Right. I had those considerations in mind and I believe I have nailed
the hatch shut pretty tight. The cleanup code is designed never to
die with an error. Of course it might, but it would have to be
something like an out of memory failure or similar that isn't really
what we're concerned about here. You are welcome to look for holes,
but these issues are where most of my brainpower went during
development.
>> That's true, but that decision has not been uncontroversial - e.g. the
>> NetBSD guys don't like it, because they have a big performance
>> difference between those two types of memory. We have to balance the
>> possible harm of one more setting against the benefit of letting
>> people do what they want without needing to recompile or modify code.
>
> But then, it made them fix the issue afaik :P
Pah. :-)
>> You can look at it while the server's running.
>
> That's what debuggers are for.
Tough crowd. I like it. YMMV.
>> I would never advocate deliberately trying to circumvent a
>> carefully-considered OS-level policy decision about resource
>> utilization, but I don't think that's the dynamic here. I think if we
>> insist on predetermining the dynamic shared memory implementation
>> based on the OS, we'll just be inconveniencing people needlessly, or
>> flat-out making things not work. [...]
>
> But using file-backed memory will *suck* performancewise. Why should we
> ever want to offer that to a user? That's what I was arguing about
> primarily.
I see. There might be additional writeback traffic, but it might not
be that bad in common cases. After all the data's pretty hot.
>> If we're SURE
>> that a Linux user will prefer "posix" to "sysv" or "mmap" or "none" in
>> 100% of cases, and that a NetBSD user will always prefer "sysv" over
>> "mmap" or "none" in 100% of cases, then, OK, sure, let's bake it in.
>> But I'm not that sure.
>
> I think posix shmem will be preferred to sysv shmem if present, in just
> about any relevant case. I don't know of any system with lower limits on
> posix shmem than on sysv.
OK, how about this.... SysV doesn't allow extending segments, but
mmap does.

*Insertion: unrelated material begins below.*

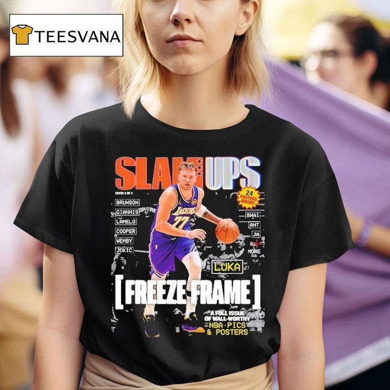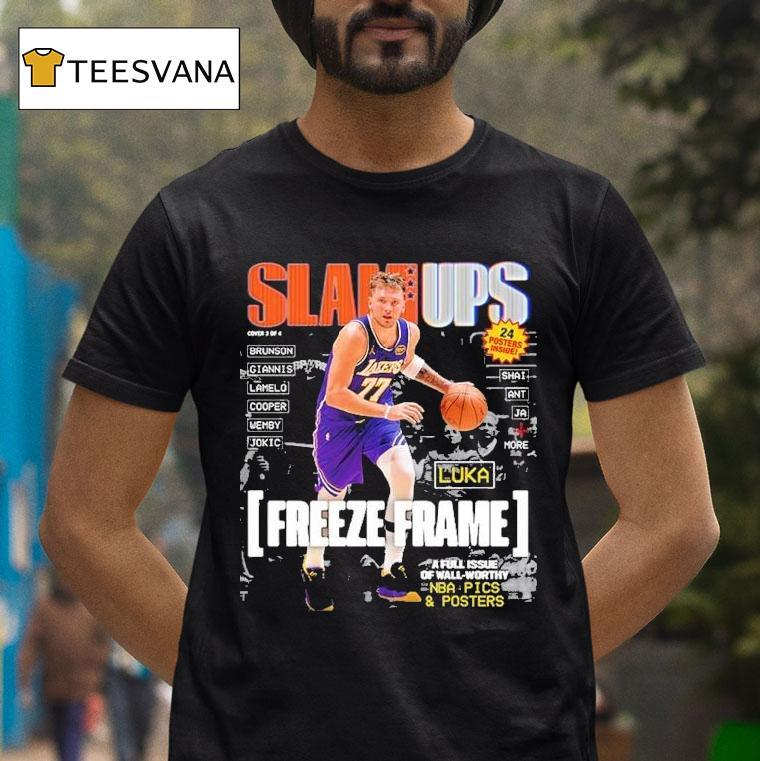Your fashion canvas with Slam Ups Luka Doncic Freeze Frame A Full Issue Of Wall Worthy Shirt, step onto the court and get ready to be mesmerized by the electrifying talent of NBA’s rising star, Luka Doncic. Freeze the moment with a full-issue of Wall Worthy shirt, designed to capture the explosive slam ups of this basketball sensation. Don’t miss out on owning a piece of history!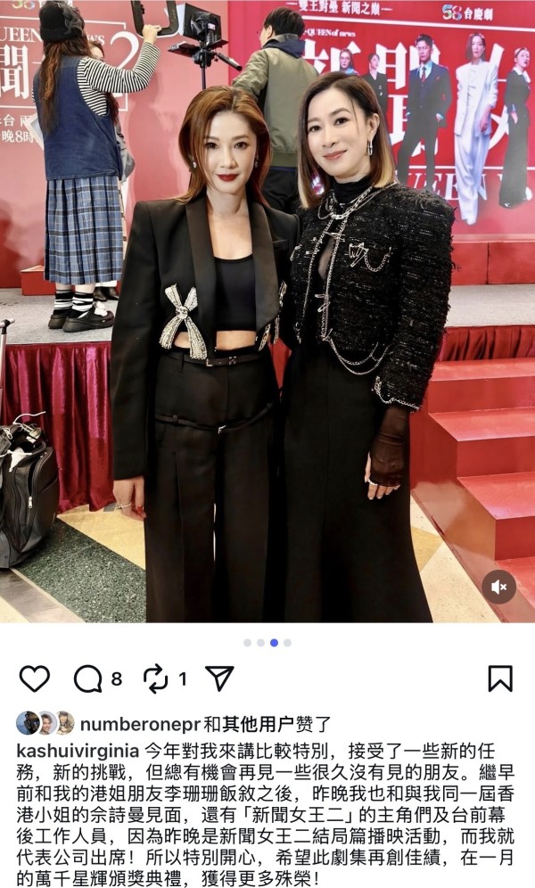 翁嘉穗与佘诗曼虽然不是太熟络,不过翁嘉穗也还是颇为感慨地留言,她称2025年对自己来说比较特别,接受了一些新任务与挑战,还有机会见到一些很久没见到的朋友,其中包括了早前见面的1996年港姐冠军李珊珊,如今又有与她同届的港姐季军佘诗曼。留意到翁嘉穗的用词,非常客气,以同一届香港小姐来称呼佘诗曼,就再次证明彼此之间并不熟络,而且轻描淡写,并没有那种久别重逢的激动之情。

The thing here is that you're saying "remove mmap and keep
sysv" but Noah suggested to me that we remove sysv and keep mmap.
This suggests to me that the picture is not so black and white as you
think it is.
>> I shared your opinion that preferred_address is never going to be
>> reliable, although FWIW Noah thinks it can be made reliable with a
>> large-enough hammer.
>
> I think we need to have the arguments for that on list then. Those are
> pretty damn fundamental design decisions.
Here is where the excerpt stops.